Heaven Park, the work previously known as the Disaster in Progress that was my endeavor for over four years, is not happening. 


Although the book was signed on with a publisher back in September 2020, long delays on their side had already put a huge strain on my relationship with the editor. Earlier this year the book was finally slotted for publication in September 2023--three years after acquisition, which is both unprecedented and untenable. The editor's insistence on making sizeable cuts nearly two years in was the last straw. So I'm walking out.

I do not make this decision lightly. Canceling this contract means delaying my next book even more, whichever it is, and it puts me in a terrible position financially. While teenage me is proud I stood up for the integrity of my work, adult me is about to jump out of a fucking window. 

But Heaven Park is personal. Its real counterpart, the place the novel is based on, has become my perfect vacation spot much faster than Los Angeles is becoming a nice place to live in. Heaven is square one, but it's a very comfortable square one. Crawling back to die in it is not that bad a deal. 

What I regret most is not being able to share it with you guys yet. But I will. It belongs to Heavenparkers already.

More images at @heaven_park_snaps

October 14, 2021

Quidnuncs and Aardvarks

Y'all ask, I answer, this blog looks active despite the dearth of new published material.

 

I want to know if you’re working on any new books?

I swear I haven't stopped writing, despite what my Wikipedia page seems to imply! Sadly my upcoming novel Heaven Park has gotten stuck somewhere along the publisher's manuscript-to-book assembly line, and it's still far in the horizon. This is extra frustrating because the logjam is also preventing me from shopping around my new manuscripts, of which I have completed two since Heaven Park (one and two).  


How old were you when you started learning English? And then writing in it?

I was 7-8 when I took my first lesson, and 17 when I took my last. The real learning came later, when I started reading books and watching movies and shows in the original English (in Spain all foreign media is dubbed, a practice I strongly oppose now). I started writing in English around 2004 (23 yo), but never for publication till The Supernatural Enhancements in 2011.

 

How do you come up with the expressions in your books? I swear I'd never heard 'borborygmic' until Meddling Kids. Is it just a process of reading more? Are there secret thesaurus tricks you know?
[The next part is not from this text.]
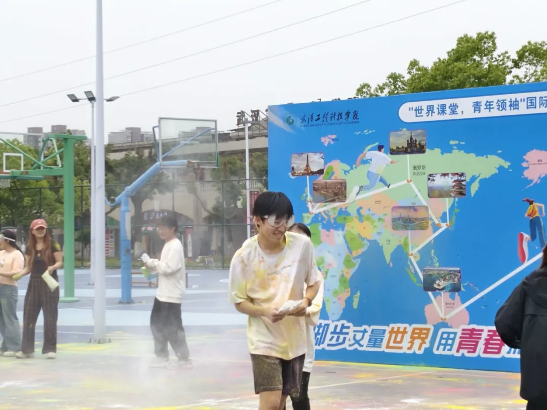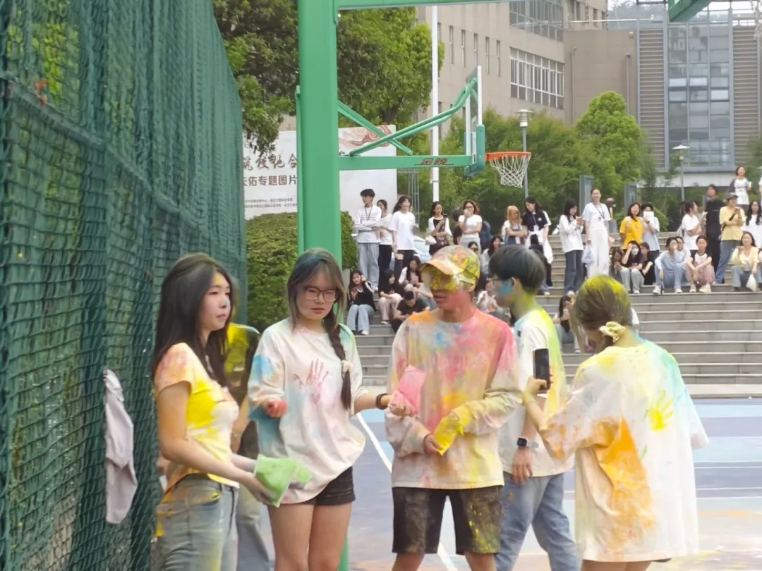 随着各个点位的活动进入尾声,参赛选手们纷纷到达终点西门篮球场。终点处为各个选手准备了彩虹粉。在他们的面前是一张巨大的世界地图,选手们纷纷将彩虹粉投掷到地图上相应的理想留学国家,以开放的心态去学习和体验不同的文化,在地图上留下美好的梦想与希望。不少选手们扬起手中的彩虹粉向彼此抛洒,在彩虹粉的“雨幕”中奔跑、欢笑、嬉戏,彼此的脸上、身上都沾满了彩色的粉末,整个场地充满了青春的气息和无尽的欢乐。

Thesauruses are awesome, but mostly I come across new words in books and movies. The crux of the matter is that many of those words wouldn't be exotic at all to you, but I make an effort to use them all, regardless of whether they're only new to me or merely obscure. If I only used words with which I am 100% familiar, my English vocabulary would be very limited.

 

Will we see the characters from Meddling Kids again?

In book form, no.

 

Do you see yourself writing a saga? About what? What main character / villain do you imagine for it?
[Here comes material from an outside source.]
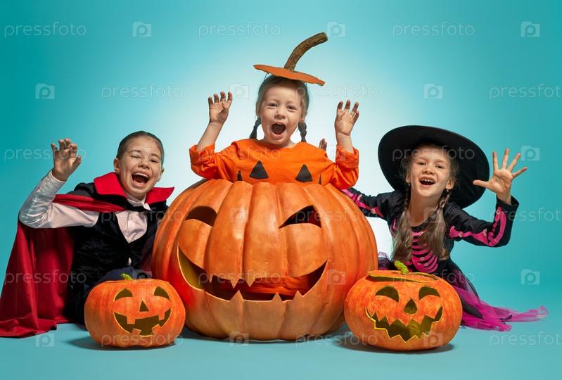 Ведьма, Дракула и тыква на бирюзовом фоне

I have considered (even written) loose sequels set in old universes, and I wish I could give A.Z. Kimrean a new case, but I've never envisioned a saga or a multi-part novel. My brain just can't operate at that scale. I am certain that Heaven Park is the longest story I had in me, and right now it's about 570 pages.

Bear with me, I promise it's coming.

March 3, 2021

Mentally I'm here

 

Corporeally too.

Third version of Heaven Park submitted.

July 12, 2020

Departure

"I hope my editor likes the new manuscript; it's such a big departure from my previous work."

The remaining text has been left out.